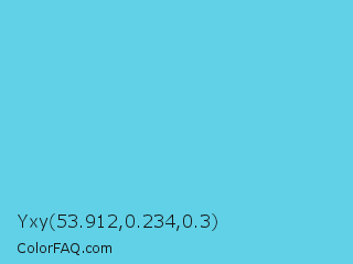 Yxy 53.912,0.234,0.3 Color is a light cyan color and the nearest color is Viking #64ccdb. Hex code #60d1e7 and RGB value is rgb(96,209,231). In RGB color space, this color is composed of 38% red, 82% green, 91% blue, In CMYK color space, this color is composed of 58% cyan, 10% magenta, 0% yellow , 9% black , In HSL color space, this color has a hue angle of 190° , 74% saturation and 64% lightness.
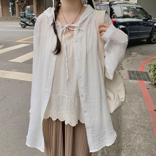 [4color] 후들후들 시스루 면 간절기 후드 셔츠 버튼 플리츠 커버업 레이어드 롱 남방 살안타템
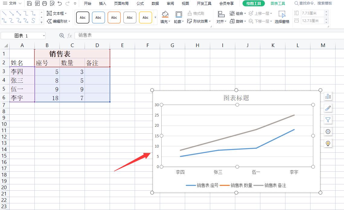 选择折线选项,即可看到生成的折线图效果。
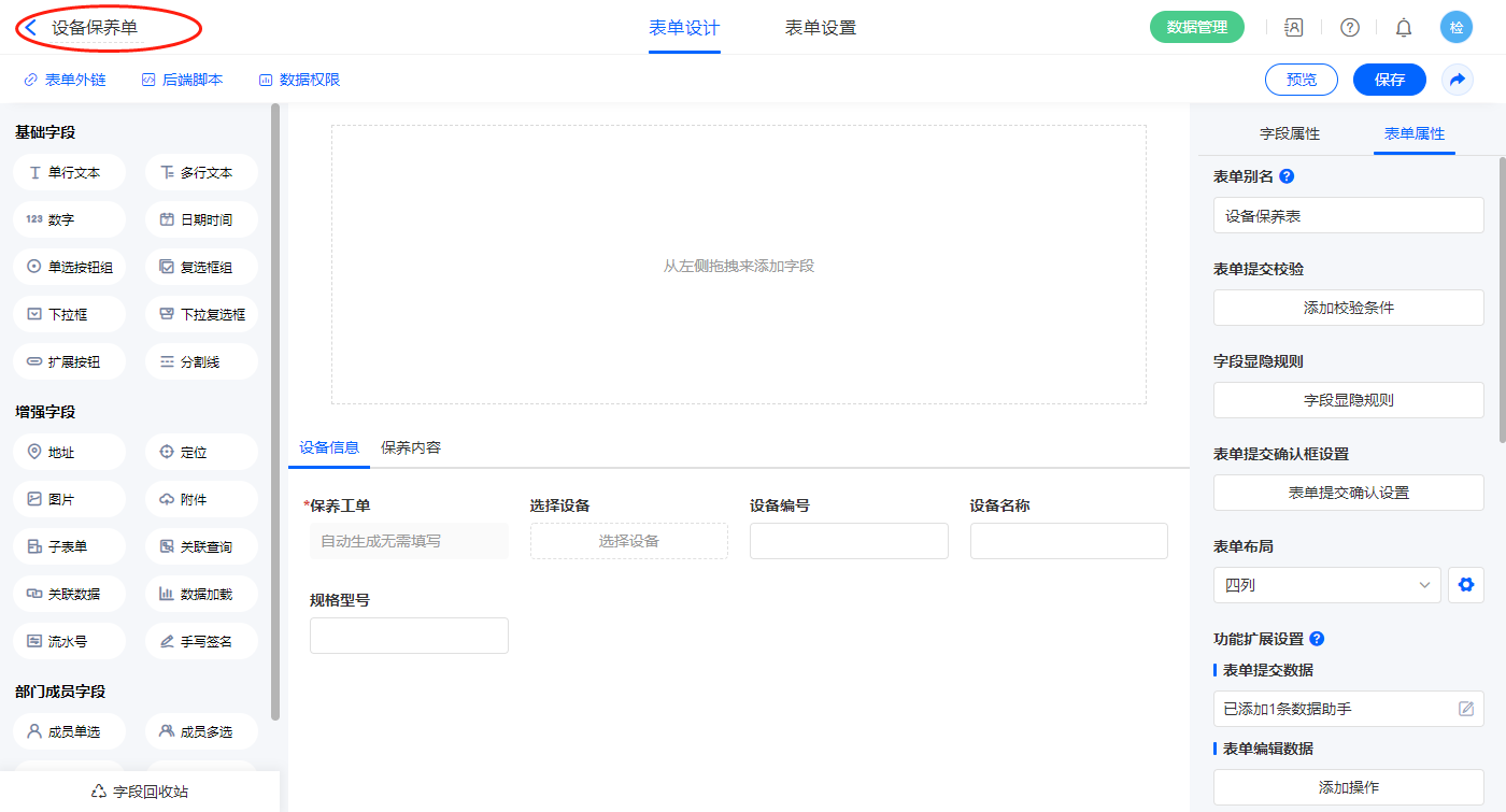 • 2.3、表单【设备保养单】字段及表单属性设置
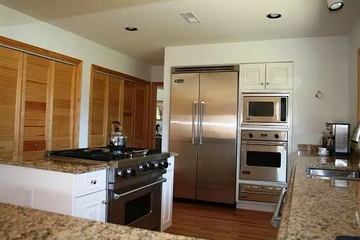 # 27.5' x 12.8' kitchen with built in pantry, appliance storage, granite surfaces, Viking professional appliances, double sink, microwave, two ovens,(one propane, one electric)and a warming draw, propane range top with 4 burner center grill
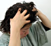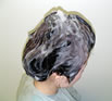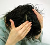 - 両手の指の腹をつかって、頭皮をゆっくりとていねいにマッサージし、泡立てます。
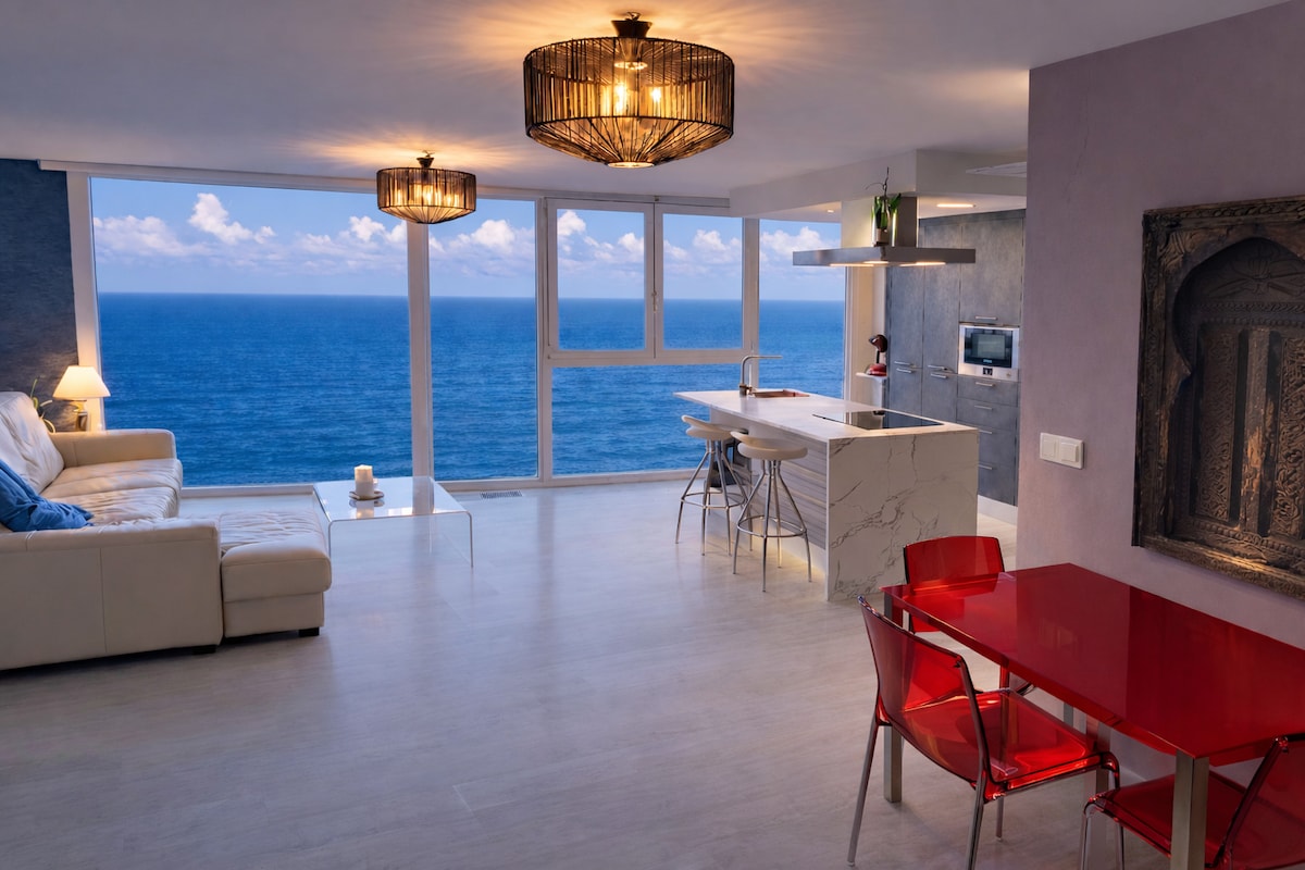 Appartement avec jacuzzi et solarium, vue sur la mer.

----

WHAT IS BEING ASKED: Starting with the line that has "[4color] 후들후들 시스루" and ending with the line that has "# 27.5' x 12.8'", repeat the lines above exactly, omitting every picture.

SOLUTION BELOW:
 [4color] 후들후들 시스루 면 간절기 후드 셔츠 버튼 플리츠 커버업 레이어드 롱 남방 살안타템
 选择折线选项,即可看到生成的折线图效果。
 • 2.3、表单【设备保养单】字段及表单属性设置
 # 27.5' x 12.8' kitchen with built in pantry, appliance storage, granite surfaces, Viking professional appliances, double sink, microwave, two ovens,(one propane, one electric)and a warming draw, propane range top with 4 burner center grill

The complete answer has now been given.